Transforming growth factor β suppresses glutamate–cysteine ligase gene expression and induces oxidative stress in a lung fibrosis model

The concentration of glutathione (GSH), the most abundant intracellular free thiol and an important antioxidant, is decreased in the lung in both fibrotic diseases and experimental fibrosis models. The underlying mechanisms and biological significance of GSH depletion, however, remain unclear. Transforming growth factor β (TGF-β) is the most potent and ubiquitous profibrogenic cytokine and its expression is increased in almost all fibrotic diseases. In this study, we show that increasing TGF-β1 expression in mouse lung to a level comparable to those found in lung fibrotic diseases by intranasal instillation of AdTGF-β1223/225, an adenovirus expressing constitutively active TGF-β1, suppressed the expression of both catalytic and modifier subunits of glutamate–cysteine ligase (GCL), the rate-limiting enzyme in de novo GSH synthesis, decreased GSH concentration, and increased protein and lipid peroxidation in mouse lung. Furthermore, we show that increasing TGF-β1 expression activated JNK and induced activating transcription factor 3, a transcriptional repressor involved in the regulation of the catalytic subunit of GCL, in mouse lung. Control virus (AdDL70-3) had no significant effect on any of these parameters, compared to saline-treated control. Concurrent with GSH depletion, TGF-β1 induced lung epithelial apoptosis and robust pulmonary fibrosis. Importantly, lung GSH levels returned to normal, whereas fibrosis persisted at least 21 days after TGF-β1 instillation. Together, the data suggest that increased TGF-β1 expression may contribute to the GSH depletion observed in pulmonary fibrosis diseases and that GSH depletion may be an early event in, rather than a consequence of, fibrosis development.
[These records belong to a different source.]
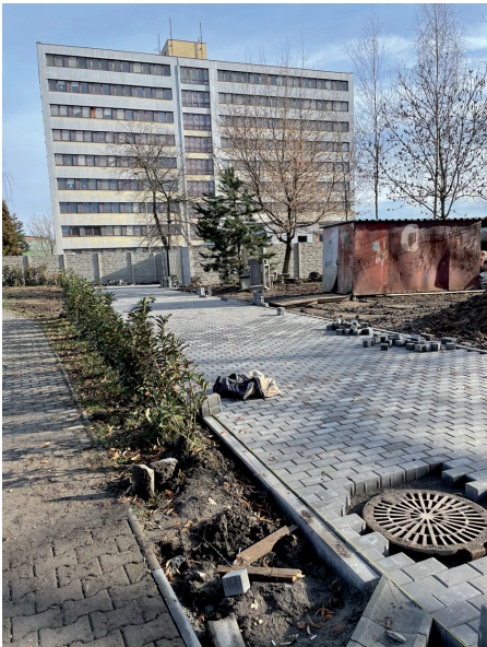
Vlídne lednové počasí umožnilo pokračovat dál.

V lednu v zadním prostoru vítkovického pohřebiště, nedaleko vsypových louček, pokračovaly opravy chodníků.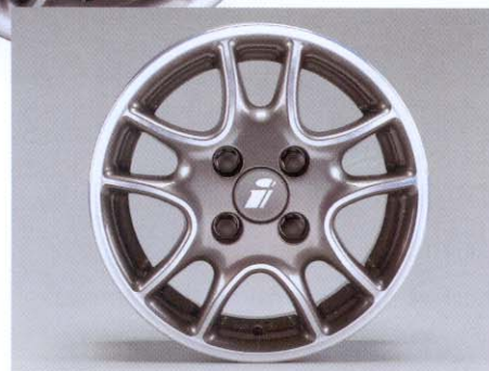
Lichtmetalen velgen in Twin Spoke Exclusive-design in de afmeting 6 x 14.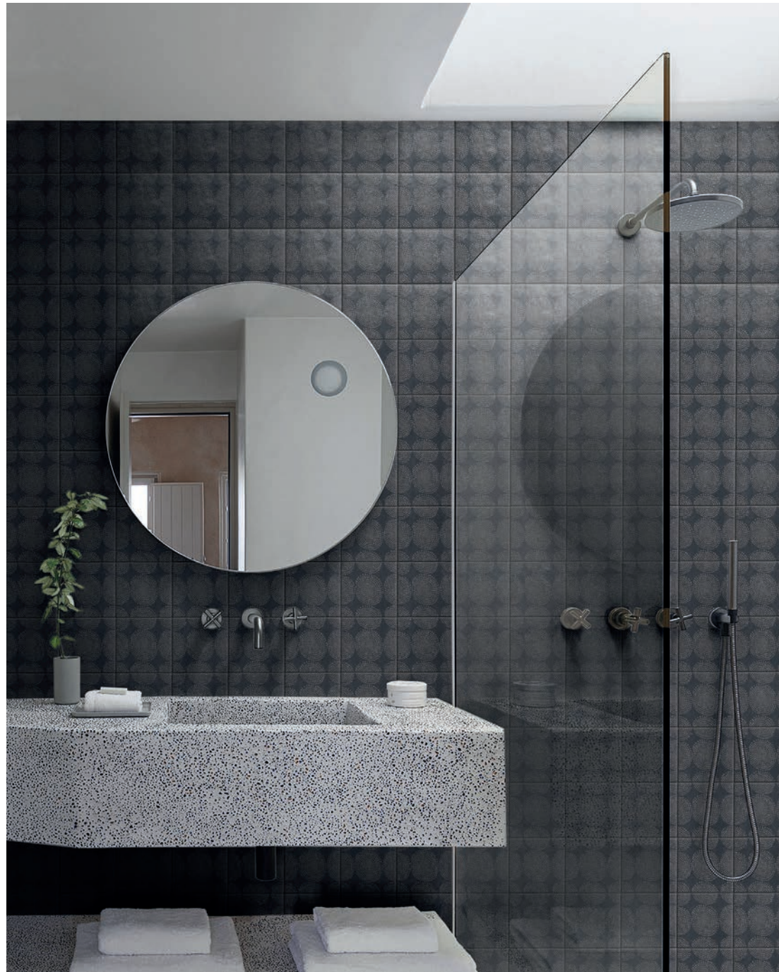
wall: CARBON 3 GOMBO 15x15 / 6"x6"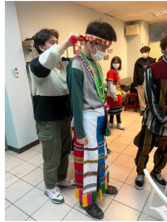
原住民學生協助日本交換生體驗原住民族服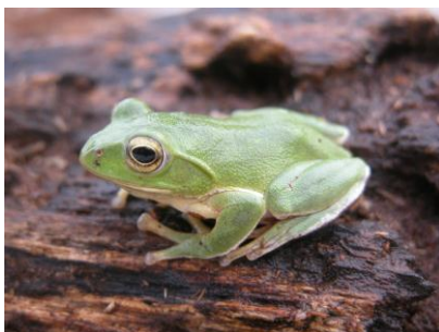
シュレーゲルアオガエル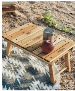
Chill Out Design フォールディングテーブル 45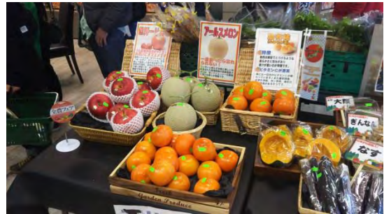
日本青果物輸出協議会作成販促資材とロンドン輸入会社作成のPOPで売り場作りした。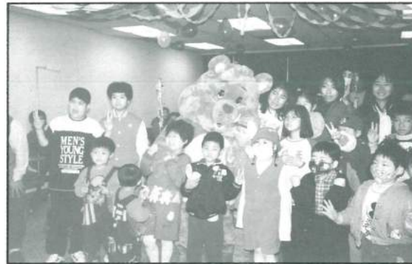
喜願熊參加馬偕醫院兒童節晚會，小朋友開心的手舞足蹈。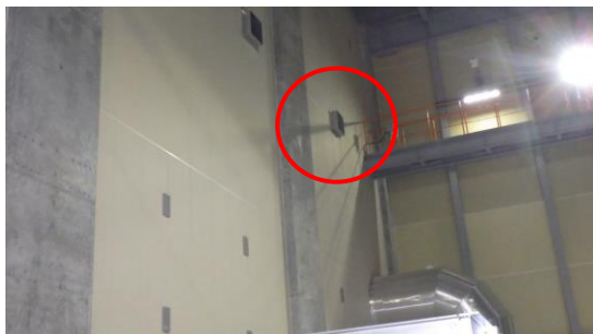
(写真1) 修理した耐火ボードの状況(1) (赤丸部分)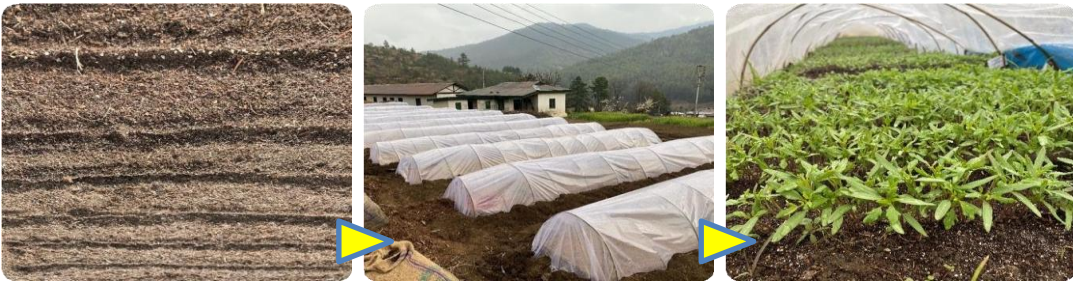
བར་རིས་, པ། ས་སྐྱོར་བཟོ་ཐངས།

སོན་མ་བཟབ་པའི་ཉེ་མ་ ལུང་མ་འཇུགས་སྐྱོང་ཁང་ གྲུ་སྐྱིག་འབད་དགོ། རྫོང་འདམ་གོང་ དེ་ལས་ གཞན་རག་རོ་ཚུ་ བཏོན་བཀོ་ སྟེ་ སའི་ཐོག་ཁང་ མལ་ལུང་ལྷགས་དགོ། ས་ སྐྱོར་ཉེ་ མཐོ་ཚད་སེན་ཁི་མི་ཏར་ १4-20 དང་ རྒྱ་ཚད་མི་ཏར་ १ དེ་ལས་ རིང་ ཚད་སྟབས་བདེ་ཏོག་ཏོ་སྟེ་བཞག་དགོ། ལུང་མ་ཚུ་ མཚོ་གསུམ་སྟེ་སྟེམ་ནི་ལུ་ ཉེན་སྲུང་འབད་དེ་ཡོད་པའི་འཇུགས་སྐྱོང་ཁང་ ཡང་ན་ གོང་ཚད་རན་པའི་ འབྲིབ་ལྷིམ་ཚུ་ནང་ འཇུགས་སྐྱོང་འབད་དགོ། དེ་གིས་ ལོ་ཐོག་འདི་ ཆར་པ་དང་ བ་མོ་ དེ་ལས་ ཉེ་མ་ལས་ ཉེན་སྲུང་འབད་ཚུགས་པ་ཨིན། རང་བཞིན་གྱི་ལུང་ ལེགས་ཤོམ་སྟེ་མ་རུལ་མི་ ཡང་ན་ འོམ་གྱི་ཕྱགས་སྟེགས་ལས་ བཟོ་ མི་ ལུང་ཚུ་ལུ་ གཞོན་འབྲུམ་དང་ནད་གཞི་ཚུ་ འོང་སྲིད་ནི་ཨིན་མ་ལས་ འཇུགས་སྐྱོང་འབད་མི་ས་གཞི་ནང་ ལག་ལེན་འཐབ་ནི་མི་ འོང་། སའི་ཐོག་ཁང་ བཅག་ཡོད་མི་མལ་ལུང་ཚུ་ ལག་ལེན་འཐབ་དགོ་པ་སྟེ་ རྒྱབ་སྟོན་འབད་མ་ཨིན།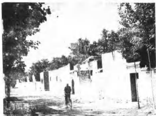
市郊农民新村马庄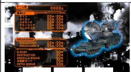
高設定期待度大上升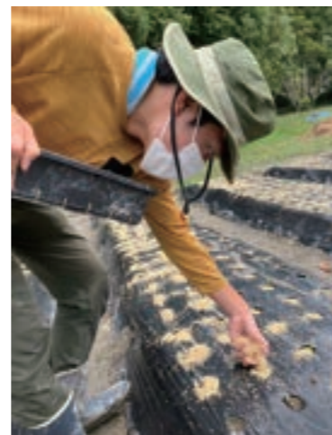
花の花さんのカフェや農園での職場体験実習にまじめに取り組んでいます!!!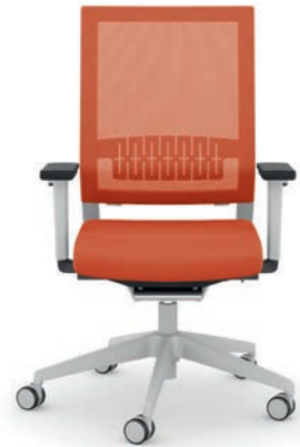
414.1200 + ls405-2 + al003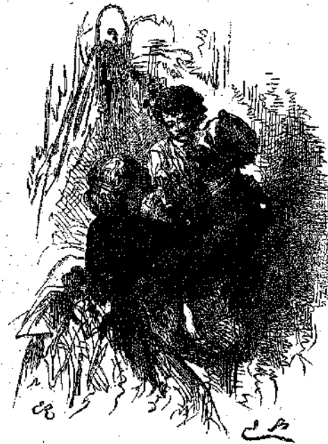
• ΜΑΚΑΡΙΟΙ ΓΟΝΕΙΣ! •

Ἐν ἀνάτιον τὸ ὅποιον ἐχάθη τὴν νύκτα ἐκ τοῦ λιμένος, εὐρέθη εἰς τὸ γαιτοκῶν χωρίον ἔρημον, χωρὶς ἐπιβάτην, πλησίον μικροῦ κολπίσκου. Ταυτοχρόνως ἔγινε γνωστὸν καὶ τὸ ἐξῆς: Πλησίον τοῦ κολπίσκου, ὅπου εὐρέθη τὸ ἔρημον ἀνάτιον, ἦτο μικρὰ καλύβη, εἰς τὴν ὅποιαν ἐκάθητο πτωχὸς ἐργάτης μετὰ τῆς γυναίκας του. Ὁ σύζυγος ἔτυχε νὰ εἶνε ἀρρωστος καὶ ὄλην νύκτα ἡ σύζυγος

► Clinically relevant level of TGF-β1 decreases GSH in bronchoalveolar lavage fluid and lung tissue in mice. ► Clinically relevant level of TGF-β1 suppresses GCLC and GCLM expression in mouse lung. ► Clinically relevant level of TGF-β1 induces oxidative stress in mouse lung. ► Clinically relevant level of TGF-β1 activates JNK MAPK and induces ATF3 in mouse lung. ► GSH level returns to the normal, whereas fibrosis persists at least 21 days.